It's not often where we are presented with a film that is so in your face and gritty in it's depiction of poverty and child abuse that it makes you cringe but yet causes you to ask yourself questions about how can this be and why isn't something being done so that fewer children have to suffer?

The Lee Daniel's produced film "Precious based on Sapphire's 1996 novel Push" does just that.

It stars comedienne and talk show host Monique, Mariah Carey, Paula Patton, Lenny Kravitz and newcomer Gabourey Sibide as the lead character Precious.

Precious is the story of a 16 year old girl named Clareece "Precious" Jones, who is illiterate, and obese. The story takes place in 1987 in Harlem.

Precious is a girl who seems to be ignored by society, seemingly not having a voice of her own. She is a lonely, shy and scared girl when we first meet her in her junior high school class--she has been left back numerous times.

Yet Precious is suffering in silence; pregnant for the second time by her own father, which doesn't sit well with the principal of her school Mrs. Lichenstein, who kicks her out.

As the story moves on we are exposed to Precious's home life where we experience first hand the abuse that she must suffer at the hands of her mother Mary, played by Monique.

At home Precious suffers verbal and physical abuse which includes name calling as well as having dangerous objects such as a cast iron frying pan thrown at her. So you ask how does Precious survive this torment? Well she escapes her reality by slipping into a fantasy world of dreams; dreams of becoming a big star who is loved by everyone--in contrast to the love that she is denied at home.

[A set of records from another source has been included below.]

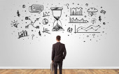 Menedżer szuka na ścianie z koncepcji przeciążonego mózgu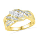 Description 10kt Yellow Gold Women's Round Baguette Diamond 3-Stone Crossover Band Ring 1/2 Cttw Gemstone Details 1/2 Carats total weight Specifications 10kt Yellow Gold Combined diamond weight of 1/2 carats total weight represents a range of 0.46 - 0.58 cts. t.w.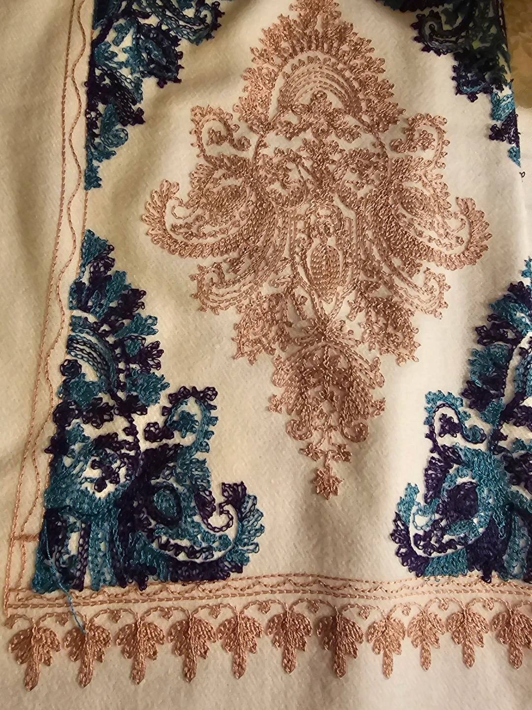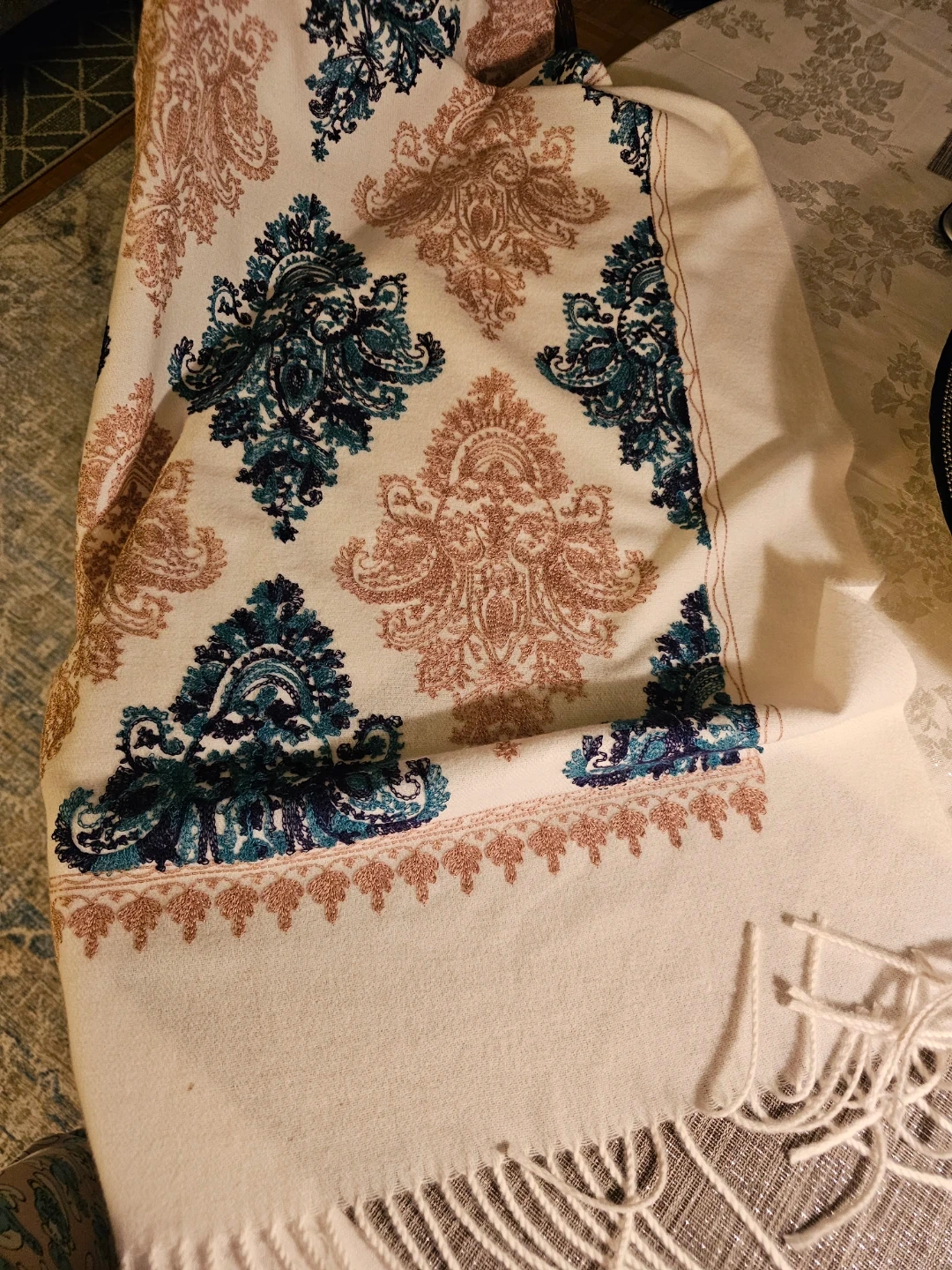 A cream-coloured shawl/scarf featuring intricate embroidery. It's decorated with rose gold and teal damask-style patterns. It's really big and beautiful! A real showstopper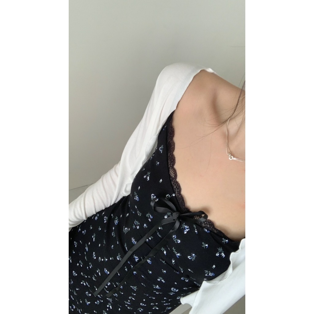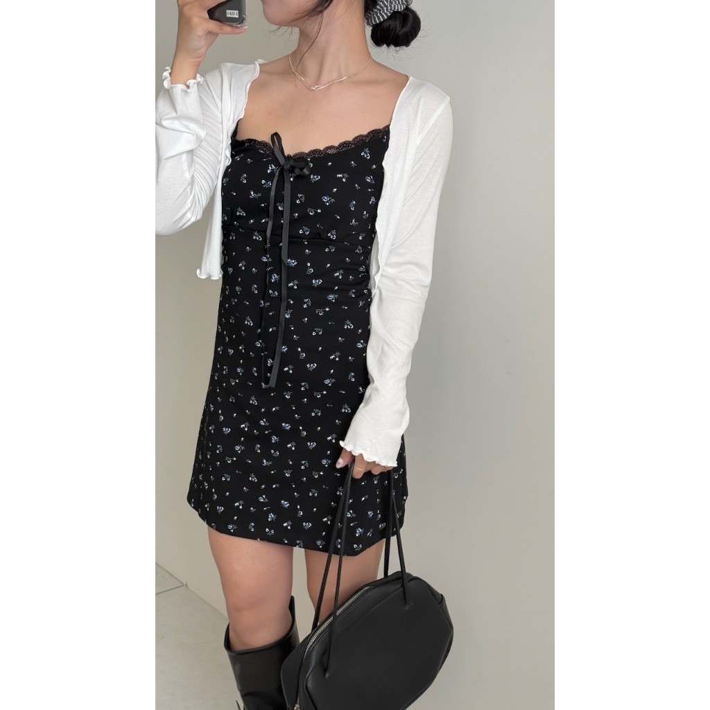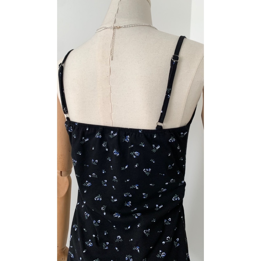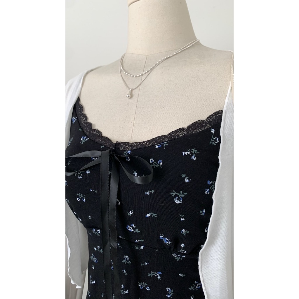 ※洋裝:微V領 可調細肩帶 領口蕾絲花邊 胸前固定式蝴蝶結 整件藍白色碎花印花 背後、腰圍縮口 A字裙襬 不可拆胸襯 微彈性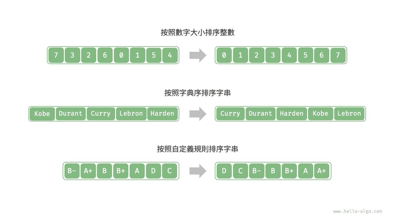 如圖 11-1 所示,排序演算法中的資料型別可以是整數、浮點數、字元或字串等。排序的判斷規則可根據需求設定,如數字大小、字元 ASCII 碼順序或自定義規則。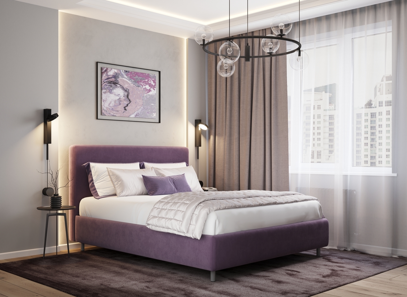 Творческий подход к выбору обивочного материала меняет образ дизайна. Велюр за счет своей бархатистой фактуры привносит в пространство шика и утонченности. Шенилл дополняет оформление спальни природными текстурами, создавая атмосферу тепла и уюта.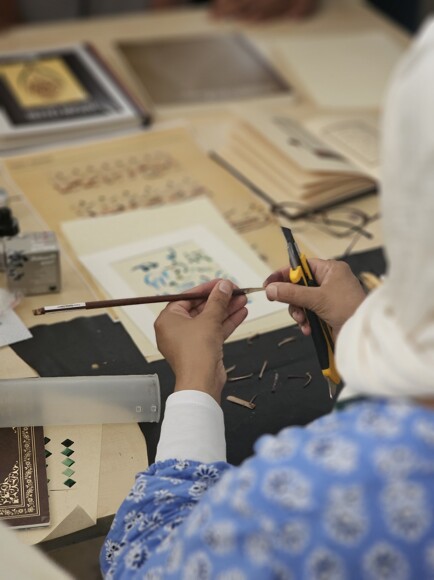 Their teacher for the day, Gulnaz Mehboob, was trained by the late Master Hasan Çelebi—widely respected as the Chief Master of Calligraphy (Reis ‘ul Hattatin). She guided students through the essential tools and techniques used in this ancient tradition.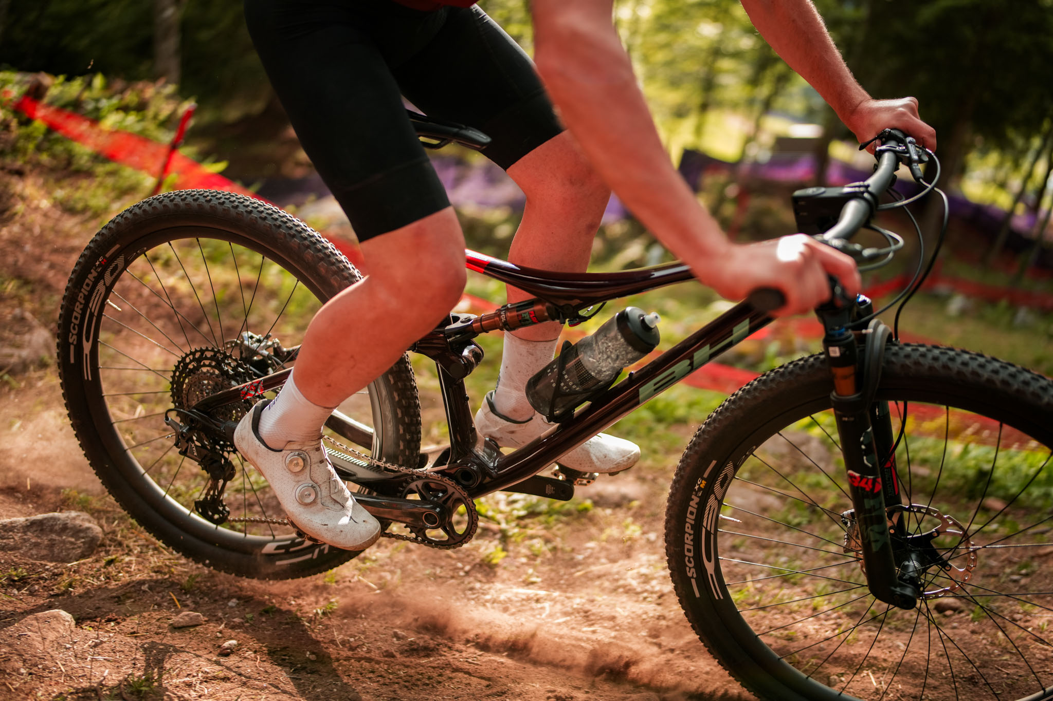 Au train, le Lynx Race se fait oublier. Peu importe l’allure, il répond présent et ne donne jamais l’impression d’être en retrait ou, à l’inverse, sur la retenue en attendant plus de watts. Si quelques passages se prêtent à passer les suspensions en position intermédiaire, notamment l’après-midi sur le parcours ultra-nerveux de la coupe du monde, on les laisse le plus souvent entièrement libres pour profiter du surcroît de confort et de grip. Les mouvements parasites sont suffisamment bien contrôlés pour qu’on ait l’impression de ne pas perdre trop d’énergie et, en position intermédiaire, l’affermissement fait perdre sensiblement en adhérence et capacité à avaler les obstacles. Ce n’est pas comme un Scott Spark RC par exemple, où cette position devient vite celle « par défaut » et où n’ouvre les suspensions que pour les descentes.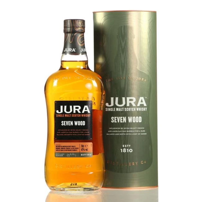 Jura Seven Wood ist eine Hommage an den Master Destillateur von der Brennerei. Nach der Reifung in Bourbonfässern folgte noch ein Finish in 6 verschiedenen französischen Eichenfässern: Allier, Limousin, Trancais, Les Bertranges, Vosges und Jupilles.

Yet every time Precious tries to escape into her fantasy world of happiness she is brought back to her harsh reality.

Precious's life begins to change when a social worker, Mrs. Weiss, played by Mariah Carey, encourages her to enroll in an alternative school for girls with educational difficulties.

The first day there she is introduced to her teacher Ms. Rain (Paula Patton), who later mentors Precious, thus helping her find her strength and her voice through writing.

Lee Daniel's who is also the man behind the 2002 film Monster's Ball, for which Halle Berry won the Oscar For Best Actress, directs the characters in Precious in a way in which they are highly believable due to the degree of emotion and passion they display.

The actors give their all in portraying the character: whether it be Precious feeling unloved, and forgotten in the world; to Mary violently abusing Precious for what it seems to be revenge for what Mary believes to be Precious destroying her marriage; to Mrs. Weiss' tough grilling of Mary about why she let the abuse go on for all those years; and, to Ms. Rain serving not only as a mentor and friend to Precious but as a sort of mother figure that Precious never had.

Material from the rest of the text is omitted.